Догадываются, но и только. После того как несколько киллеров исчезло из земной жизни сразу вслед за мишенями, они перестали выходить на прямые контакты не только с заказчиками, но даже и с доверенными лицами. Каждый из них выбирал свой способ связи, лишь бы не засветиться. И если на средневековом Востоке считалось неприличным, если гость изъявлял желание познакомиться с женой хозяина, то теперь предложение одного из двух тайных звеньев цепочки повидаться друг с другом стало таким же нарушением негласной этики. Однако правила для того и существуют, чтобы их нарушать. И Николай прочел однажды на экране своего супермощного, собранного умельцами одной из тайных лабораторий, микрокомпьютера, непривычный текст от доверенного лица:
— Дорогой друг! Я, конечно, нагло нарушаю все правила, но если Вы находитесь там, где я предполагаю, почему бы Вам всего только раз в жизни не зайти ко мне в гости? Тем более что я совсем один, а завтра мне сколько-то исполнится. Мое пристанище отмечено крестиком.

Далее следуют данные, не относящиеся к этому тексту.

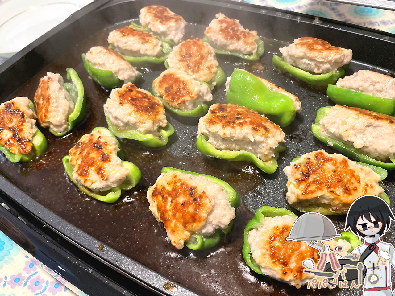 帰宅後に一休みしたら、いよいよ調理開始。ピーマンの肉詰めは、600gの挽肉を使ったタネを作り、買ってきたピーマン9個使って計18個作成。作り方は公開しているレシピ通りながら、今年は一昨年同様、ホットプレートで一気に焼く事にしました。指の負傷が未だ癒えてなかったため今日もゴム手袋着用だったので、ピーマンにタネを詰める作業は ママ に手伝ってもらいました。
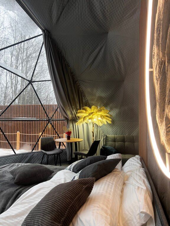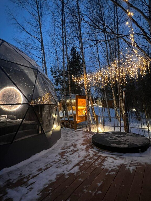 Глэмпинг «Хабарские дачи» находится в Дзержинске – представляет собой комплекс из двух домов-полусфер и подходит для семейного отдыха, романтических выходных и встречи с друзьями в нестандартной обстановке. На террасах установлены горячие купели. Территория вмещает баню на дровах с панорамным окном, беседку и профессиональный угольный гриль.
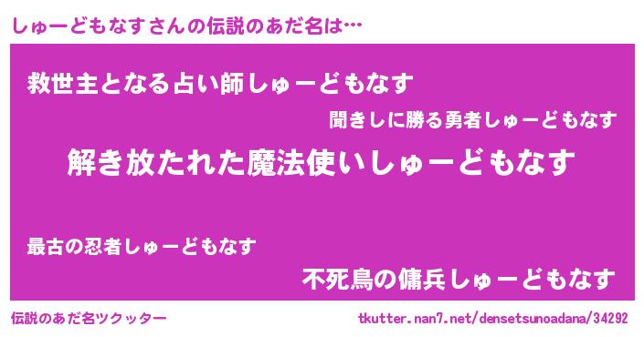 | 男性向けラノベタイトル風あだ名 | 『しゅーどもなすに滅ぼされるだけの簡単なお仕事です』 |

Вслед за текстом был нарисован кусок схемы города. А все послание многократно, как обычно перекодированное, летело сначала в Новую Зеландию, а уж оттуда через иных провайдеров достигало мобильника Николая, чтобы по кабелю перетечь в его ноутбук и снова дважды перекодироваться.
В принципе, доверенные лица могут жить в любой точке мира, и чем удаленнее от предполагаемого места событий, тем безопаснее. Вероятно, скоро так и будет. Но пока они живут в том же городе, или по крайней мере в той же стране, где планируется высокооплачиваемое убийство. Послание, полученное Николаем, не только впервые подтверждало, что его доверенное лицо живет в Санкт-Петербурге, но еще и раскрывало адрес.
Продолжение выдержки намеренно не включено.